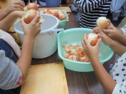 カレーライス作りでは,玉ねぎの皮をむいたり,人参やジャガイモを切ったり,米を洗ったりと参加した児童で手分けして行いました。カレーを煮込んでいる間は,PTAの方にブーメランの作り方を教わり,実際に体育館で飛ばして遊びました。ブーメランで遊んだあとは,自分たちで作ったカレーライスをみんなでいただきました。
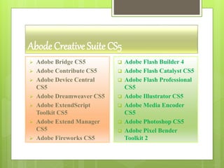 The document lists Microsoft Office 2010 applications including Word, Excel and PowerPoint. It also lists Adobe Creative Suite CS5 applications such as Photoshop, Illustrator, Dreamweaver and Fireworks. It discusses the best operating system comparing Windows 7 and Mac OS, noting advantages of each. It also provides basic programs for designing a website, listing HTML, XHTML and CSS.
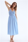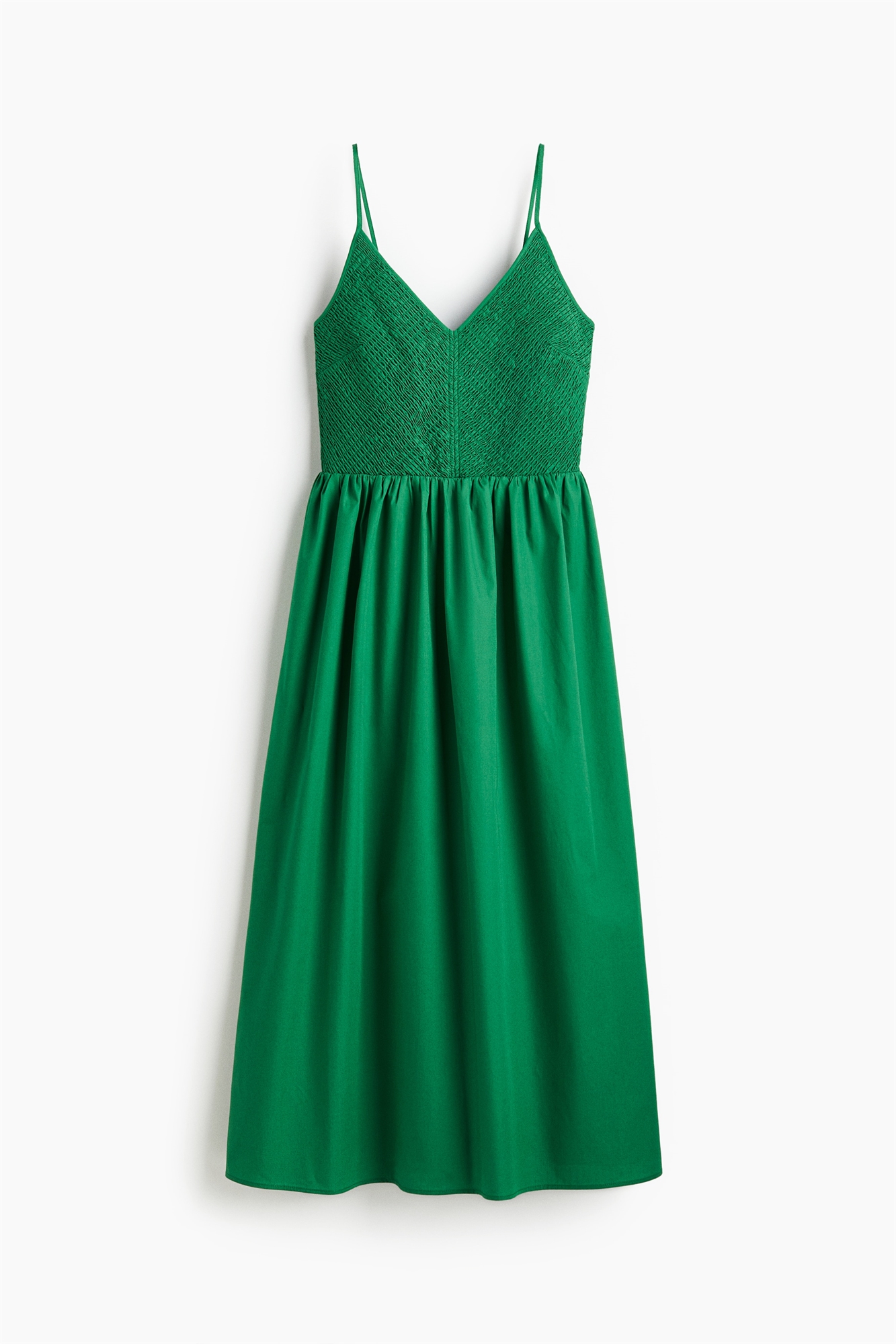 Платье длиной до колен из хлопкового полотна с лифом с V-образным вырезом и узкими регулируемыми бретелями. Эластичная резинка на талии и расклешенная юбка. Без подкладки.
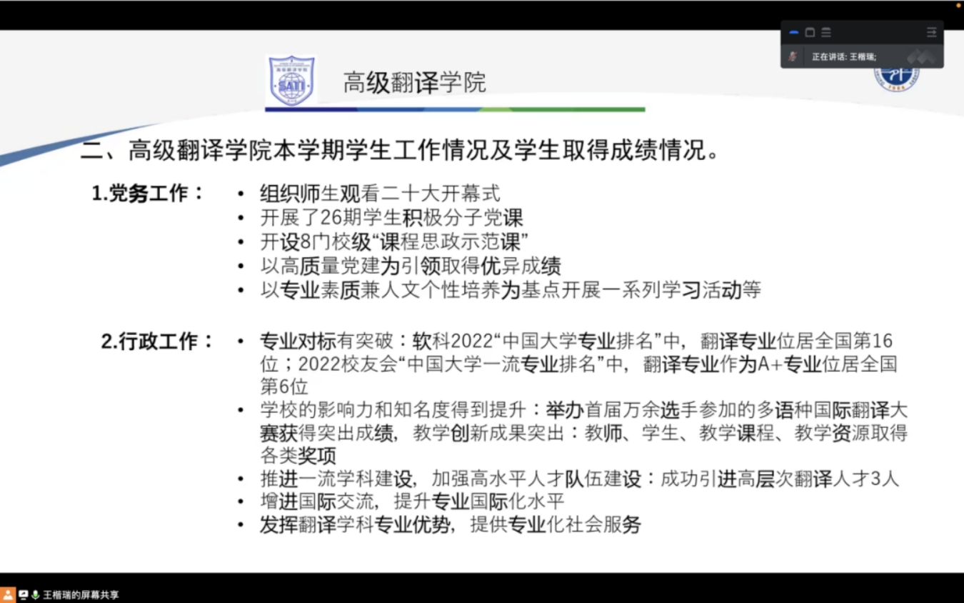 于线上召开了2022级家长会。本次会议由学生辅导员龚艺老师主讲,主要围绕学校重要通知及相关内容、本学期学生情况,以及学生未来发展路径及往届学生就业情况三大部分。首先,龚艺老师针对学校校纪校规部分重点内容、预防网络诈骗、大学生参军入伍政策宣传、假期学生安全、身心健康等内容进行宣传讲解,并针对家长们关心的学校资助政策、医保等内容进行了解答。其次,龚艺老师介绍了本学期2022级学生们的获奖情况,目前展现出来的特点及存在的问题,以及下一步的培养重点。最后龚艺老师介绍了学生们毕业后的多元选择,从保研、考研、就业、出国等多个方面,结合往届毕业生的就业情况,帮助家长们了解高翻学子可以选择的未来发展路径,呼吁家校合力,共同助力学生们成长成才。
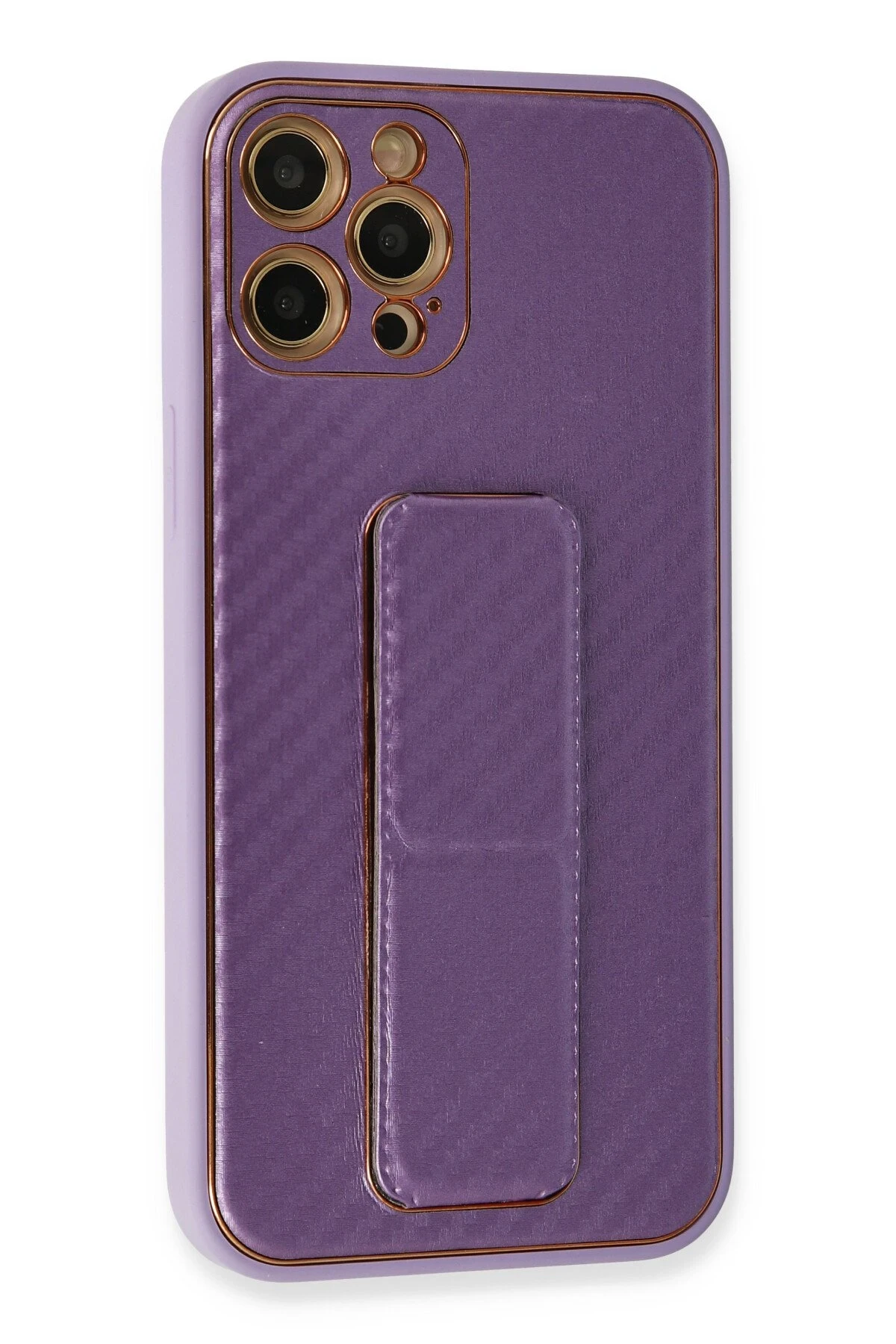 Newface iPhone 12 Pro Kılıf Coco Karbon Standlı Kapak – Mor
* * *
> **Problem details**
Without copying any images, transcribe the records exactly as they stand.

> **Task response**
 カレーライス作りでは,玉ねぎの皮をむいたり,人参やジャガイモを切ったり,米を洗ったりと参加した児童で手分けして行いました。カレーを煮込んでいる間は,PTAの方にブーメランの作り方を教わり,実際に体育館で飛ばして遊びました。ブーメランで遊んだあとは,自分たちで作ったカレーライスをみんなでいただきました。
 The document lists Microsoft Office 2010 applications including Word, Excel and PowerPoint. It also lists Adobe Creative Suite CS5 applications such as Photoshop, Illustrator, Dreamweaver and Fireworks. It discusses the best operating system comparing Windows 7 and Mac OS, noting advantages of each. It also provides basic programs for designing a website, listing HTML, XHTML and CSS.
 Платье длиной до колен из хлопкового полотна с лифом с V-образным вырезом и узкими регулируемыми бретелями. Эластичная резинка на талии и расклешенная юбка. Без подкладки.
 于线上召开了2022级家长会。本次会议由学生辅导员龚艺老师主讲,主要围绕学校重要通知及相关内容、本学期学生情况,以及学生未来发展路径及往届学生就业情况三大部分。首先,龚艺老师针对学校校纪校规部分重点内容、预防网络诈骗、大学生参军入伍政策宣传、假期学生安全、身心健康等内容进行宣传讲解,并针对家长们关心的学校资助政策、医保等内容进行了解答。其次,龚艺老师介绍了本学期2022级学生们的获奖情况,目前展现出来的特点及存在的问题,以及下一步的培养重点。最后龚艺老师介绍了学生们毕业后的多元选择,从保研、考研、就业、出国等多个方面,结合往届毕业生的就业情况,帮助家长们了解高翻学子可以选择的未来发展路径,呼吁家校合力,共同助力学生们成长成才。
 Newface iPhone 12 Pro Kılıf Coco Karbon Standlı Kapak – Mor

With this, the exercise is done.